## [RECORD EXTRACTS]

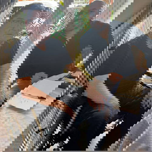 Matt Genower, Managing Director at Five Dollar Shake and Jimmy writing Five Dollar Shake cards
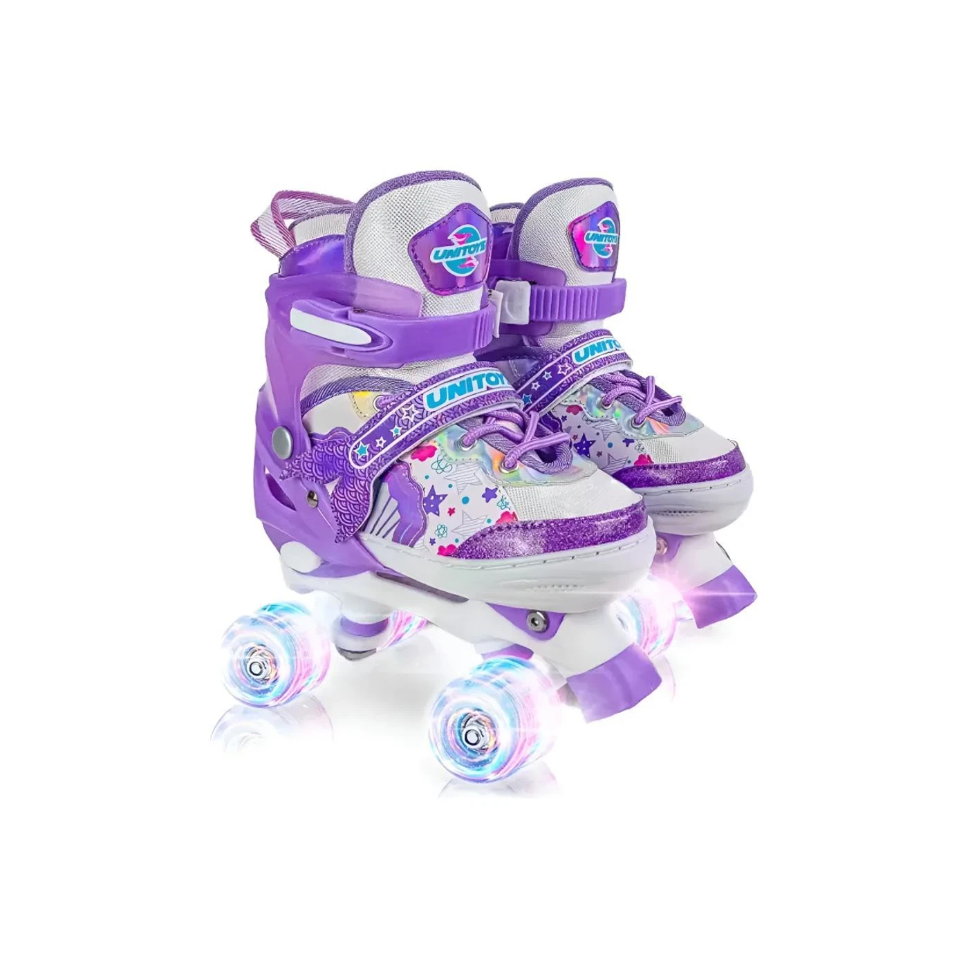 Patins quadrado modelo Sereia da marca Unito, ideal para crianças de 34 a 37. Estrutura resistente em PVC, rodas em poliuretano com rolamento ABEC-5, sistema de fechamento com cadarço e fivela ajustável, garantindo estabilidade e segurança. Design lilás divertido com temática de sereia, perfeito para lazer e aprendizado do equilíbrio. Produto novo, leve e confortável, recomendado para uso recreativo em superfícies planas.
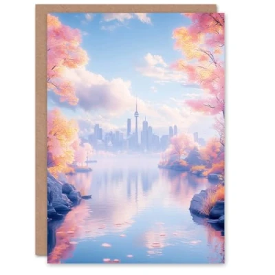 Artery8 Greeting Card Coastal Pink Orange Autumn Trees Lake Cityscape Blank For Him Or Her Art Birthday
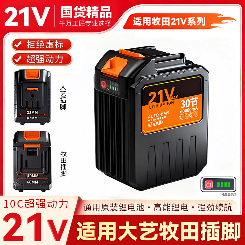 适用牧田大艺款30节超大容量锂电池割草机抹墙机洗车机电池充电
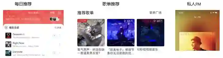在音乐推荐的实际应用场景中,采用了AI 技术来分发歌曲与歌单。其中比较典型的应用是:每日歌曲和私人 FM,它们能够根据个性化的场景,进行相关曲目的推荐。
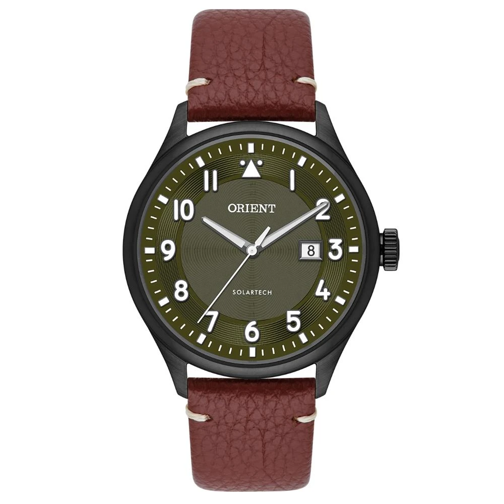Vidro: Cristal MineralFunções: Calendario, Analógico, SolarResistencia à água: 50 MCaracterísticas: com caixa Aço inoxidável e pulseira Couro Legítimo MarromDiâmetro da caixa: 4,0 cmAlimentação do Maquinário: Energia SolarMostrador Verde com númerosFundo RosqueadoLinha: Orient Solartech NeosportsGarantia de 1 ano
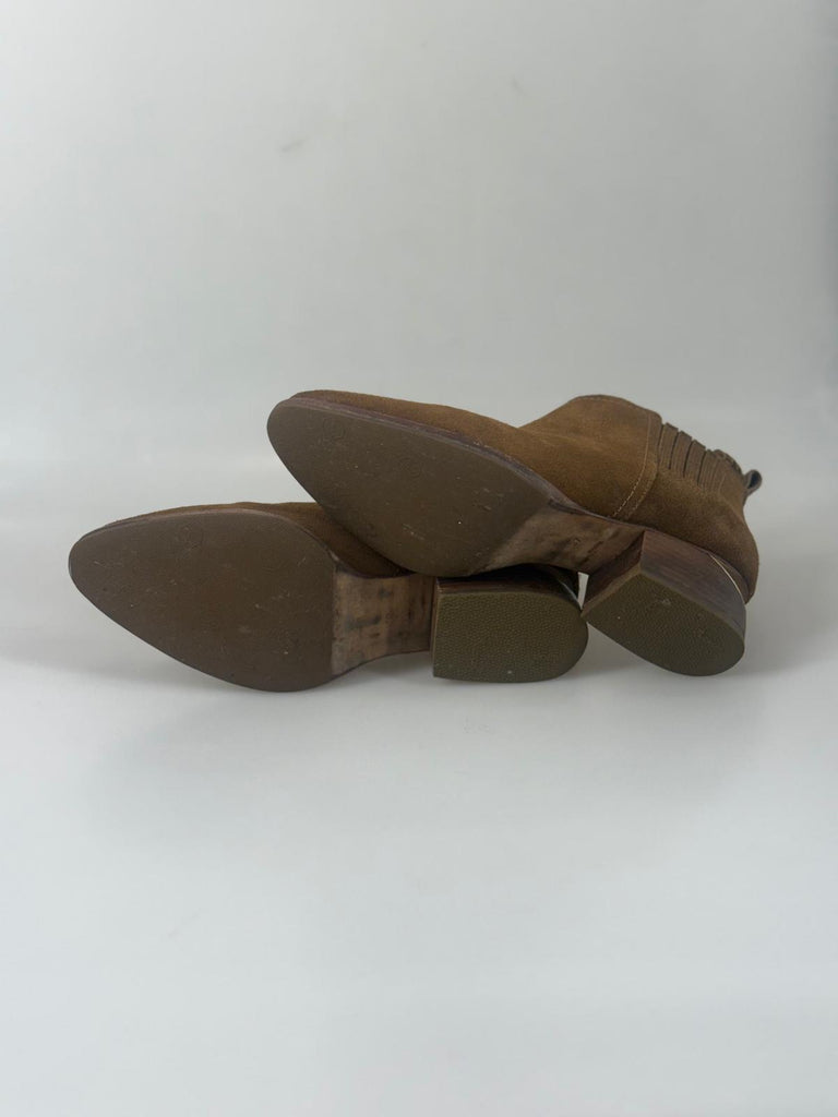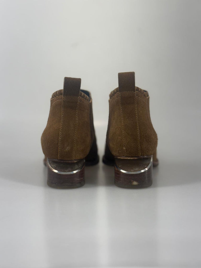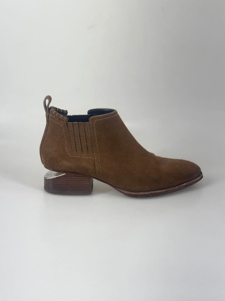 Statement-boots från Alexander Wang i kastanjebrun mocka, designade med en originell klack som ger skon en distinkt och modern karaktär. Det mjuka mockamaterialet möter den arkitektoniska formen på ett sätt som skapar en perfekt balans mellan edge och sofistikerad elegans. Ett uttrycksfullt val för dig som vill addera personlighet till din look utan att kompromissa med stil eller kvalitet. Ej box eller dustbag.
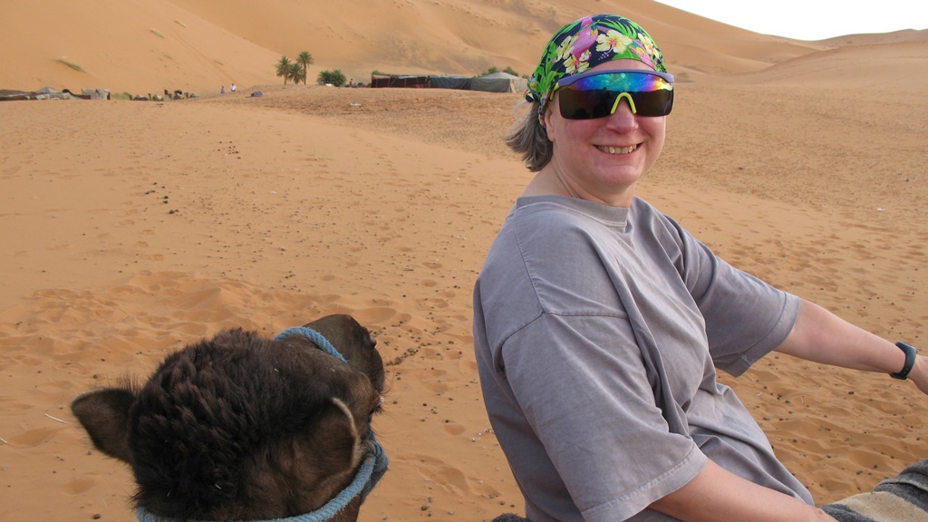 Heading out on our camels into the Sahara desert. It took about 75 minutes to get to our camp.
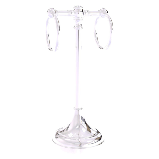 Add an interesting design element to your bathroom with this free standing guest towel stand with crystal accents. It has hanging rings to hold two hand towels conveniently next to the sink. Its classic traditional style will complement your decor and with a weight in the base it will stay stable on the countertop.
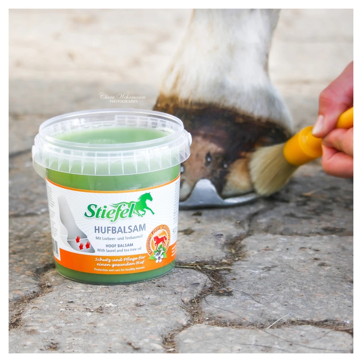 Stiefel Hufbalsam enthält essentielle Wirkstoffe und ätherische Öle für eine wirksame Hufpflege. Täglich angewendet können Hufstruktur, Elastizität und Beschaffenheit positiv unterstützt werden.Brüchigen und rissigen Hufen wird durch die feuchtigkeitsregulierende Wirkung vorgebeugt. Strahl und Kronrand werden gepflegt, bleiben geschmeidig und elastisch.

---

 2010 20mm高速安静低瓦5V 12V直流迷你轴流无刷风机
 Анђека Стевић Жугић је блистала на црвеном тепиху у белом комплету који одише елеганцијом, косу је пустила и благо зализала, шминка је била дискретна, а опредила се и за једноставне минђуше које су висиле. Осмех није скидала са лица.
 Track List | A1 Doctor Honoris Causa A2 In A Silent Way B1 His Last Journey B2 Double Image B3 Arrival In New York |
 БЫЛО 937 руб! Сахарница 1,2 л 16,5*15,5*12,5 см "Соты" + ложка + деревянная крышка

---

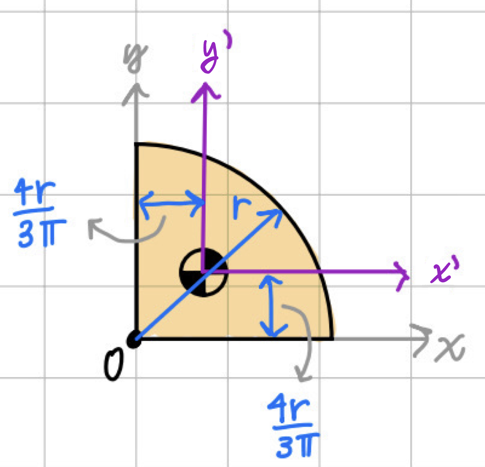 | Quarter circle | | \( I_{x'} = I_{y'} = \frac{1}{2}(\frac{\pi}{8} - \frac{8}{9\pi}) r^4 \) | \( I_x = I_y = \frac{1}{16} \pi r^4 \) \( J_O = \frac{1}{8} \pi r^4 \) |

## [TASK DESCRIPTION]
Within the listing above, find the line containing "Artery8 Greeting Card" and the line containing "Stiefel Hufbalsam enthält". Transcribe them and everything between them exactly, leaving out the pictures.

## [EXERCISE RESPONSE]
 Artery8 Greeting Card Coastal Pink Orange Autumn Trees Lake Cityscape Blank For Him Or Her Art Birthday
 适用牧田大艺款30节超大容量锂电池割草机抹墙机洗车机电池充电
在音乐推荐的实际应用场景中,采用了AI 技术来分发歌曲与歌单。其中比较典型的应用是:每日歌曲和私人 FM,它们能够根据个性化的场景,进行相关曲目的推荐。
Vidro: Cristal MineralFunções: Calendario, Analógico, SolarResistencia à água: 50 MCaracterísticas: com caixa Aço inoxidável e pulseira Couro Legítimo MarromDiâmetro da caixa: 4,0 cmAlimentação do Maquinário: Energia SolarMostrador Verde com númerosFundo RosqueadoLinha: Orient Solartech NeosportsGarantia de 1 ano
 Statement-boots från Alexander Wang i kastanjebrun mocka, designade med en originell klack som ger skon en distinkt och modern karaktär. Det mjuka mockamaterialet möter den arkitektoniska formen på ett sätt som skapar en perfekt balans mellan edge och sofistikerad elegans. Ett uttrycksfullt val för dig som vill addera personlighet till din look utan att kompromissa med stil eller kvalitet. Ej box eller dustbag.
 Heading out on our camels into the Sahara desert. It took about 75 minutes to get to our camp.
 Add an interesting design element to your bathroom with this free standing guest towel stand with crystal accents. It has hanging rings to hold two hand towels conveniently next to the sink. Its classic traditional style will complement your decor and with a weight in the base it will stay stable on the countertop.
 Stiefel Hufbalsam enthält essentielle Wirkstoffe und ätherische Öle für eine wirksame Hufpflege. Täglich angewendet können Hufstruktur, Elastizität und Beschaffenheit positiv unterstützt werden.Brüchigen und rissigen Hufen wird durch die feuchtigkeitsregulierende Wirkung vorgebeugt. Strahl und Kronrand werden gepflegt, bleiben geschmeidig und elastisch.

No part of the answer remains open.